Test your knowledge
Before completing the tasks, work through each of the sub-pages for tutorial 1.
Task 1: Create a dataset from scratch
Select 10 Twitter Accounts of your choice and create a dataset with the following variables:
Twitter Handle - Record the name of the Twitter account
Gender/Organisation - Record the gender of the Twitter account holder (record Males as 0 and Females as 1 - add labels so that you can easily see what is what in your data).
Note: Some of you may select organisations rather than people, or a combination of the two.

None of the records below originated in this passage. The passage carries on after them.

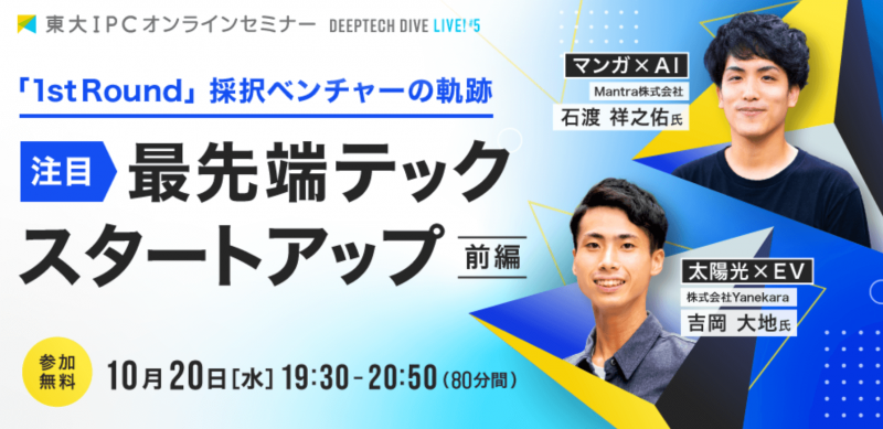 Mantra株式会社・株式会社Yanekara登壇|東大IPC DEEPTECH DIVE Live! #5 1stRound採択ベンチャーの軌跡【前編】ハイライトレポート ※動画あり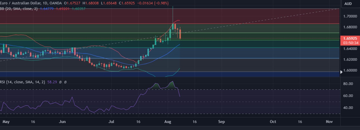 •EUR/AUD chart has taken a turn for the worse after today 's large drop.Overall risk growing for a bigger drop to towards 1.6450 level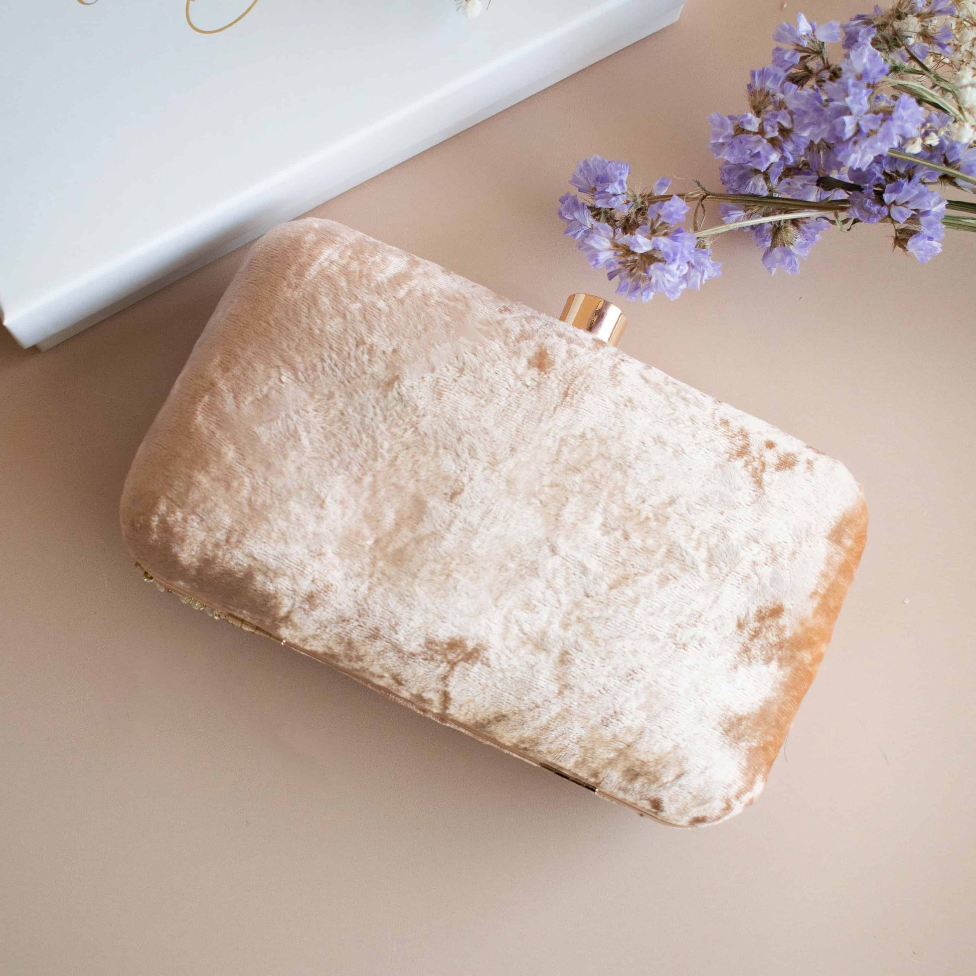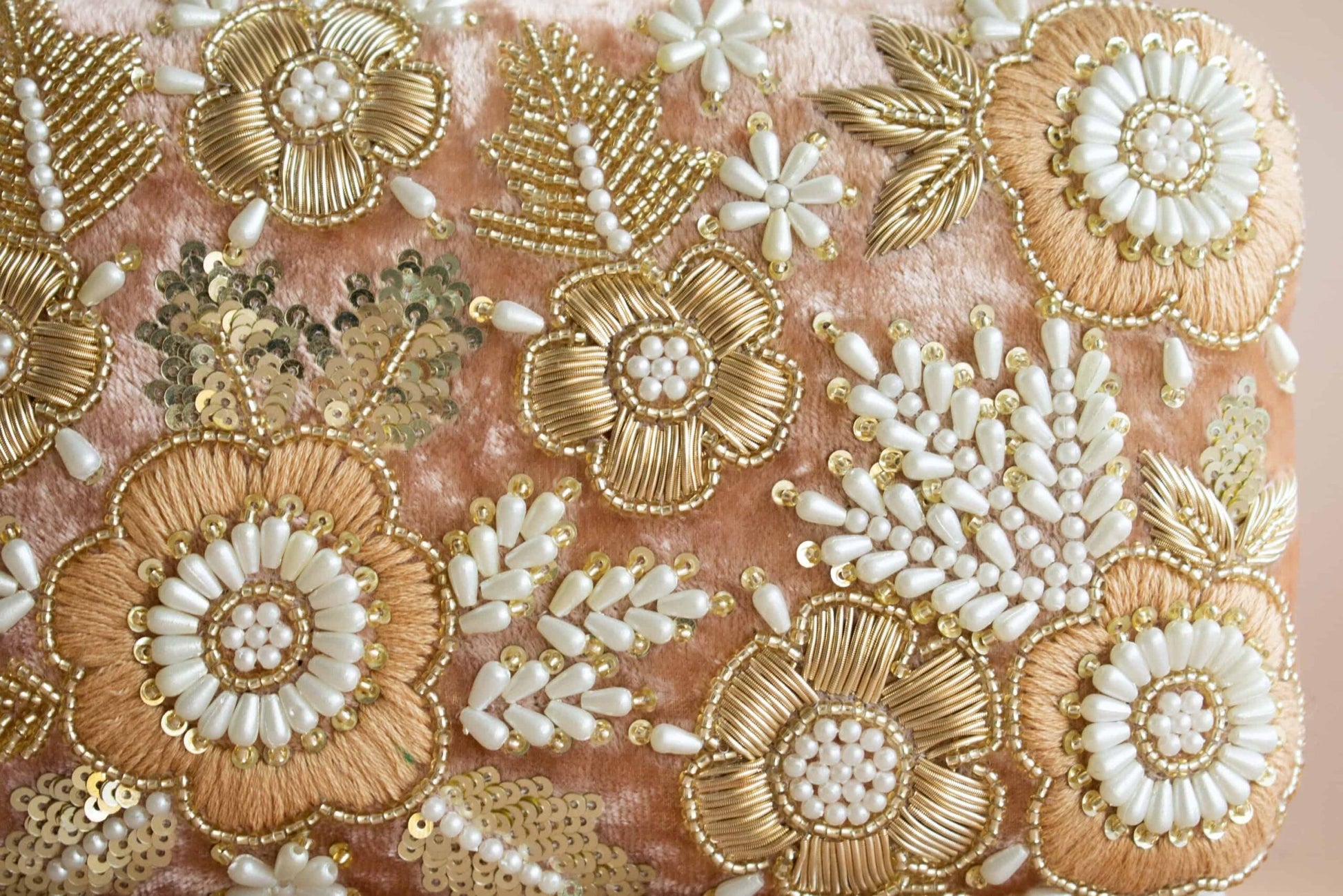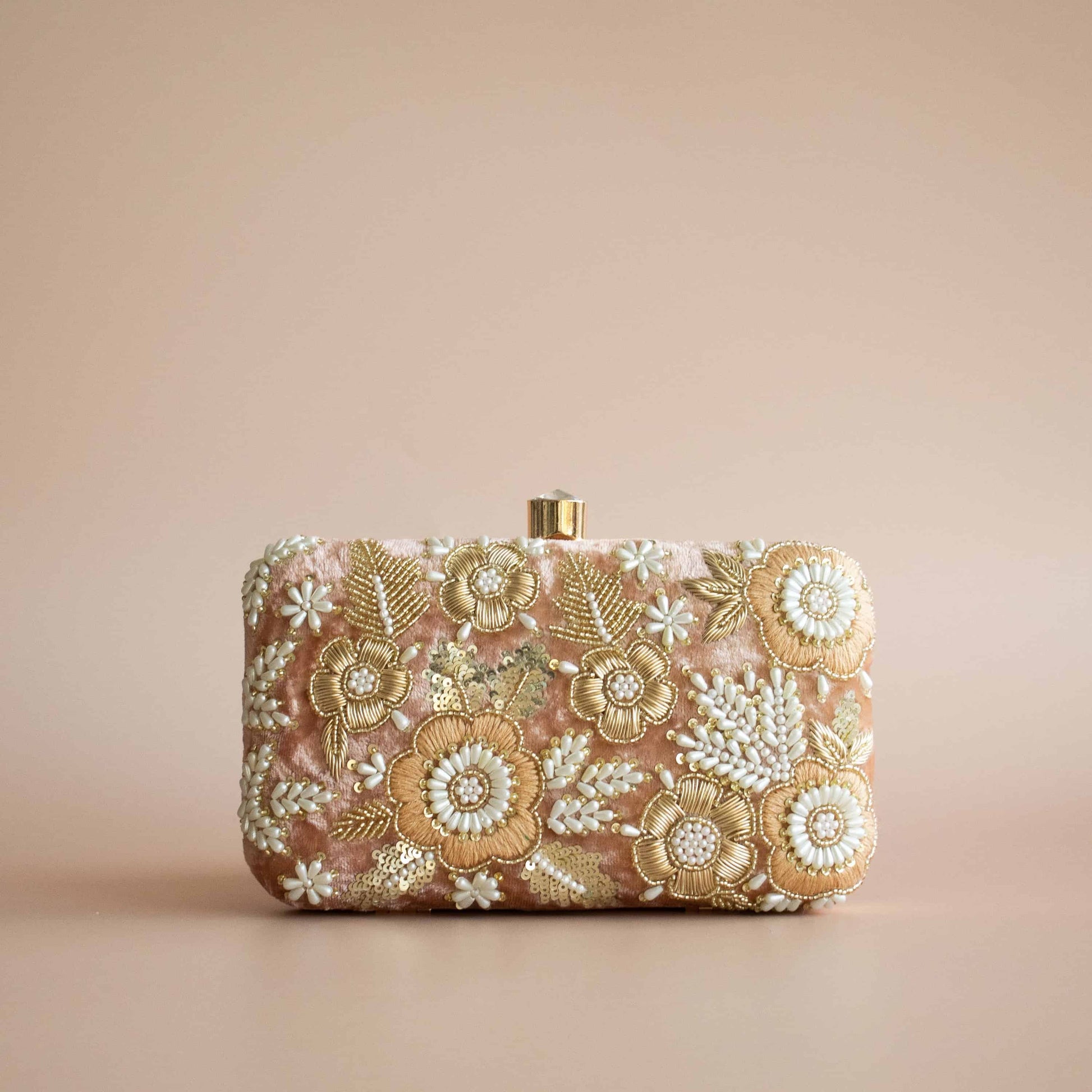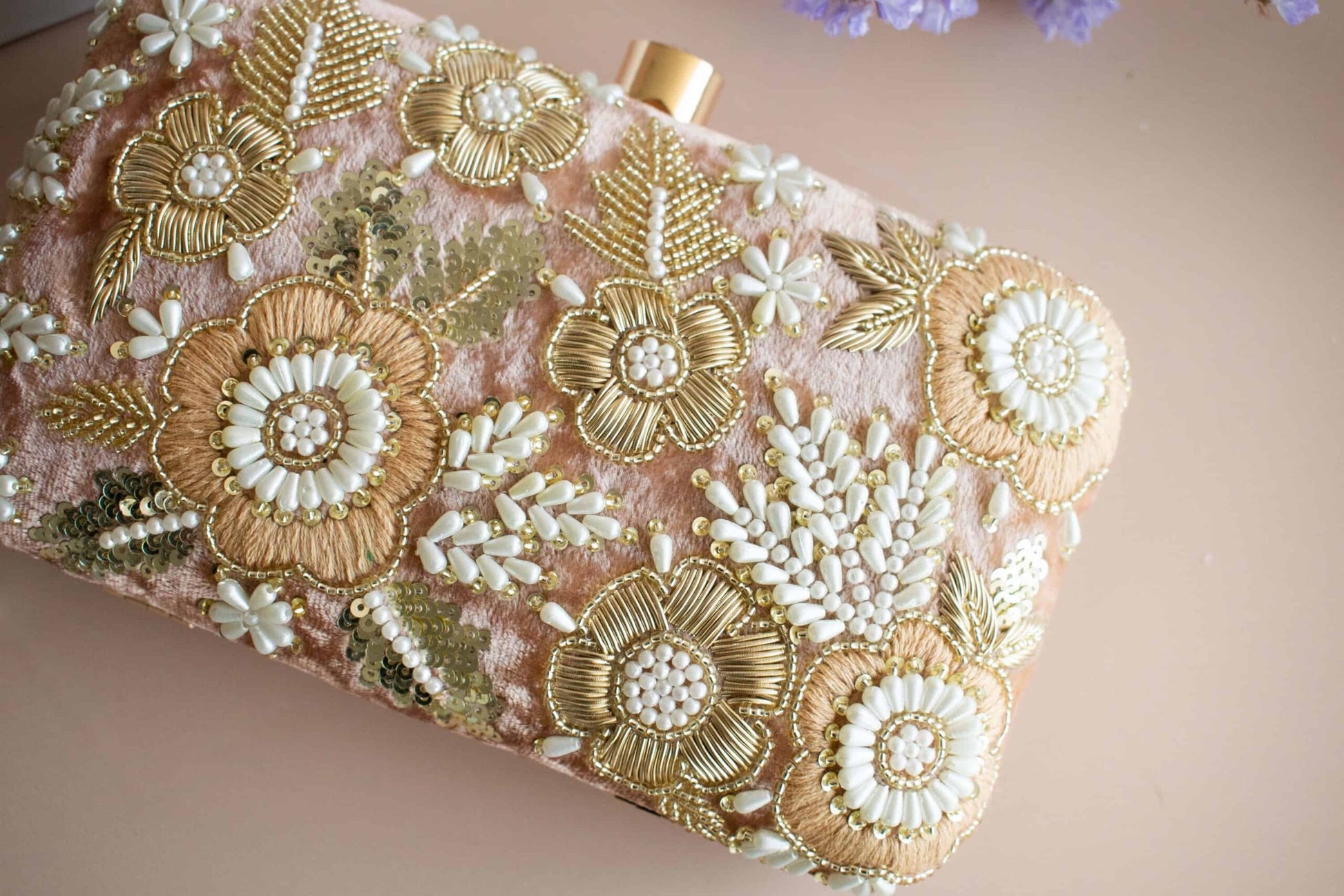 Ariana is a beautifully handcrafted clutch featuring a soft champagne velvet base adorned with intricate floral embroidery. Each flower is delicately created using a mix of pearls, sequins, resham threadwork, and metallic gold zardozi, giving the piece a rich, textured, and luxurious finish. The pastel florals stand out softly against the champagne backdrop, creating a dreamy, feminine aesthetic.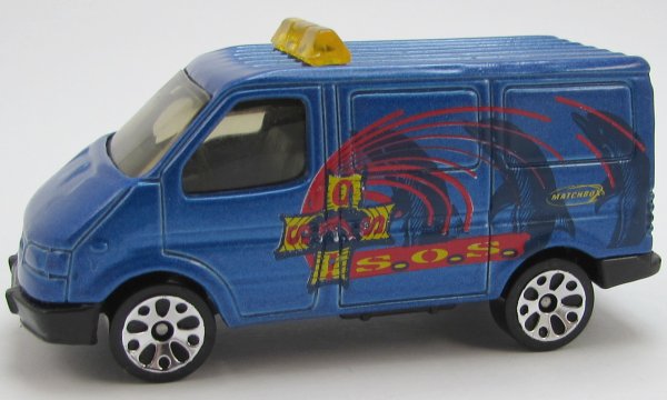 metallic blue, amber roof light, no TRANSIT at rear, S.O.S. / dolphins tampo |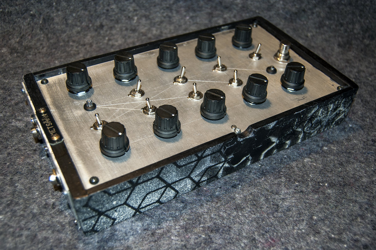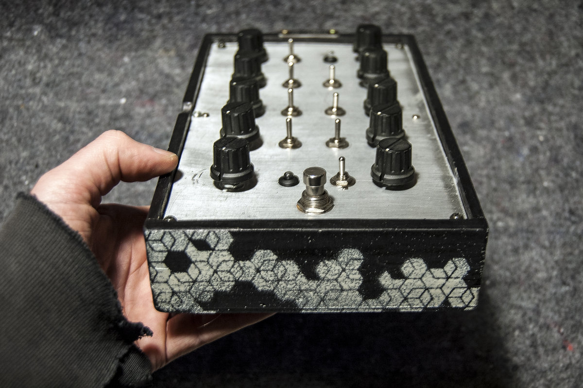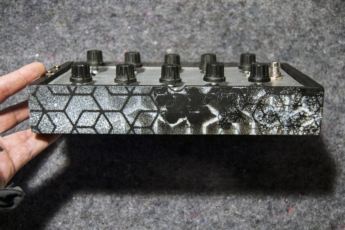 The 4 square wave oscillators with different frequency ranges ca be individually switched on or off with a toggle switch and have a FREQUENCY pot each. The 2 LFOs can each be routed to modulate one of the oscillators (LFO1> OSC1/OFF/OSC2) and (LFO2> OSC3/OFF/OSC4) or switched off with 2 3-position toggle switches. All oscillators are affected by the STARVE pot, that limits the power they can draw, resulting in stochastic noises, when the different gates of the IC battle for power. When the power toggle switch is in the ‘off’ position, the TRIGGER stomp switch can be used for pulsed power supply, the decay of those pulses is controlled by the STARVE pot, indicated by a fading ultraviolet LED. If a (boosted) audio signal is send to the INPUT, it can either run through pretty clear or through a PRE-AMP stage with adjustable GAIN. The PRE-AMP can be switched on or off with a toggle-switch and has an effect on the overall sound, even when there is no audio input. A MIX pot allows to blend the internal and incoming signals and a global VOLUME pot can be used to ‘tame’ the OUTPUT signal.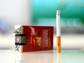 泰山(宏图)秉承泰山品牌气势宏大的品牌精神,以大红色调的包装设计,凸现热情洋溢的风格,体现人们追求喜庆、热烈的传统审美,寄托人们对未来生活、事业的美好祝愿。 包装规格使用“软包硬化”工艺,进口横纹盘纸,生物制剂技术加工嘴棒的应用,有效改善口感,降低危害。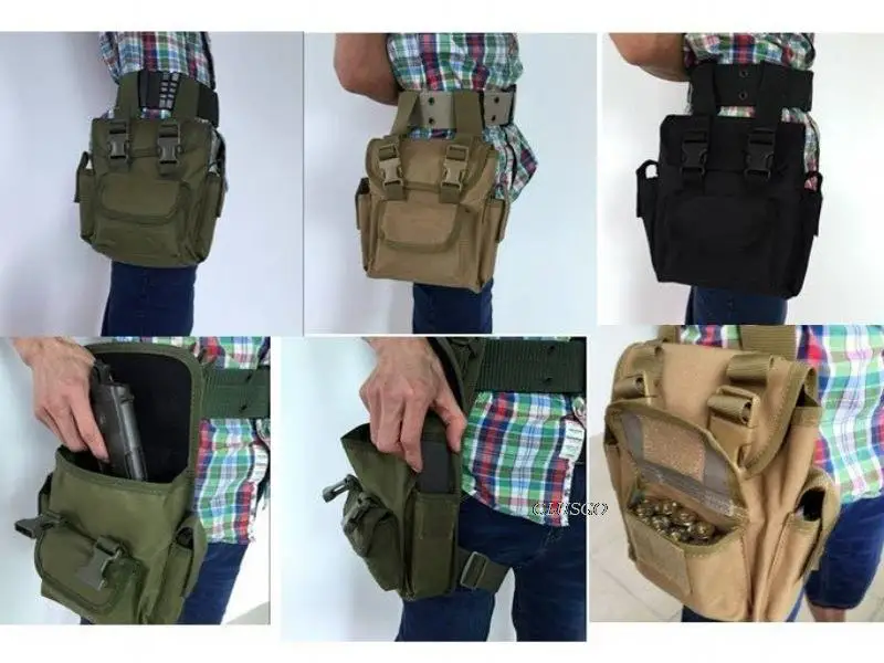 Características:Color: negro/Verde/barroTamaño: longitud de la bolsa de cintura 23*17cmLa longitud máxima del cinturón es de 100cmLa longitud máxima de pierna es de 66cmMaterial: nailonCantidad del paquete: 1 ud.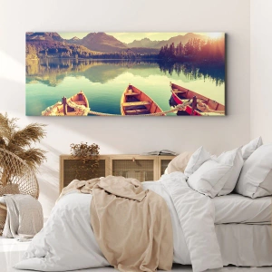 Décoration murale - Vivre selon ses lois - Bateaux sur un lac calme entouré de montagnes au coucher du soleil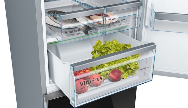 Система сохранения свежести VitaFresh plus обеспечивает идеальные условия для хранения рыбы, мяса, овощей и фруктов, сохраняя их свежими вдвое дольше.

If this is the case create one variable that measures whether the twitter account is a person or an organisation and a second variable that collects the sex, if available - if it is an organisation just add in NaN for missing values.
Followers - Record the number of followers
Following - Record how many people the account follows
Year Joint - Record the year the person joined.
If you haven't already done so, add a description for each variable and add labels to your Gender levels (Male for 0s and Female for 1s)
Task 2: Clean Existing Data and get it ready for Jamovi
Use the Filter and Replace function in Excel to clean your data
Use the Excel Filter function to delete any rows where Progress is below 75.
Re-label the Variable names in the following order: Progress; Age; HouseHold_Income; HH_Dependents; Gender; Know_Place
Clean the following variables using the replace function
Whole Dataset: Replace -99 with a blank space
Household_income: Replace ¬¨¬ with no space
HH_Dependents: Change None to 0 and 5 or more with 5
Gender: Replace Male with 0, Female with 1; and Other: Blank
Know_Place: Replace text with numbers
Strongly agree with -2
Somewhat agree with -1
Neither agree nor disagree with 0
Somewhat disagree with 1
Strongly disagree with 2
Open up the saved file in Jamovi and attached Labels and descriptions.
Add the following descriptions to variables:
Household_income: Income of Household in £
HH_Dependents: Number of Children in Household
Know_Place: I know my place in the world
Now add the following labels:
Gender: for 0 add Male; for 1 add Female
For -2 add Strongly agree
For -1 add Somewhat agree
For 0 add Neither agree nor disagree
For 1 add Somewhat disagree
For 2 add Strongly disagree
Your file is now ready to analyse. You would use a very similar process to clean a bigger dataset.
If you have really big datasets, it is worth learning some Python or R to make data cleaning easier.
Task 3: Create New Variables using Transform
Use the Twitter Dataset you created in Task 1
Using the Twitter dataset you have just created do the following:
Create an ordinal variable using the Followers variable. Call it Followers_cat.
Create the following categories:
Less than 1,000 followers
Between 1,001 - 10,000 followers
Between 10,001-100,000 followers
More than 100,001 Followers
Change the numbers to suit your dataset (e.g. instead of 1,000 change it to 1 million).
You should now have a new variable that has four ordinal categories.
Use the Dataset you cleaned in Task 2.
For this task use the Dataset you just cleaned in task 2:
Create a nominal variable using the Age variable. Call it Over_50
Create the following categories:
Over 50 - this variable should include everyone over the age of 50
Under 50 - this variable should include everyone 49 and younger
You should now have a new nominal variable.